- Data provided
━━━━━━━━━━
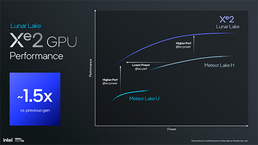 Intelによると,Meteor Lakeの統合GPUと比較して,性能が最大1.5倍に向上したという。また,高性能版のMeteor Lake-Hプロセッサと,低電力版のMeteor Lake-Uという2つのプロセッサでカバーしていた用途を,Lunar Lakeでは1種類のプロセッサでカバーできるのもポイントだ。
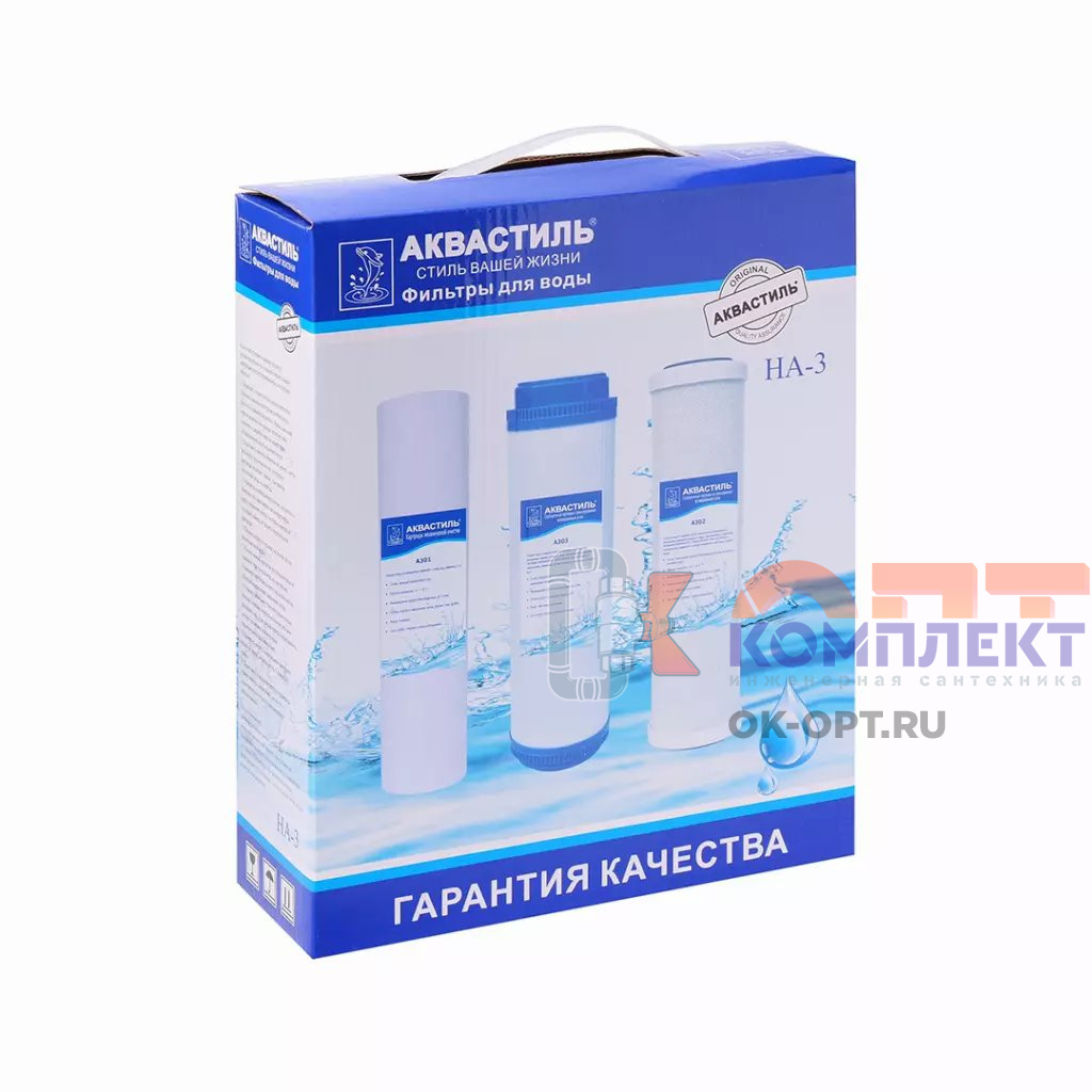 комплект картриджей 3 ступени АКВАСТИЛЬ для водопроводной воды (Стандарт) в картон коробке
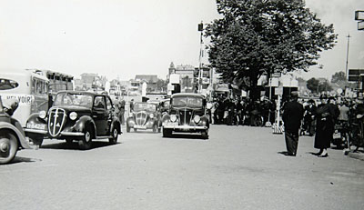 De hofauto met koningin Wilhelmina komt het …
━━━━━━━━━━
- Goal of the exercise
Each line of the material needs to be given again exactly, without any of its pictures.

- Output for this task
 Intelによると,Meteor Lakeの統合GPUと比較して,性能が最大1.5倍に向上したという。また,高性能版のMeteor Lake-Hプロセッサと,低電力版のMeteor Lake-Uという2つのプロセッサでカバーしていた用途を,Lunar Lakeでは1種類のプロセッサでカバーできるのもポイントだ。
 комплект картриджей 3 ступени АКВАСТИЛЬ для водопроводной воды (Стандарт) в картон коробке
 De hofauto met koningin Wilhelmina komt het …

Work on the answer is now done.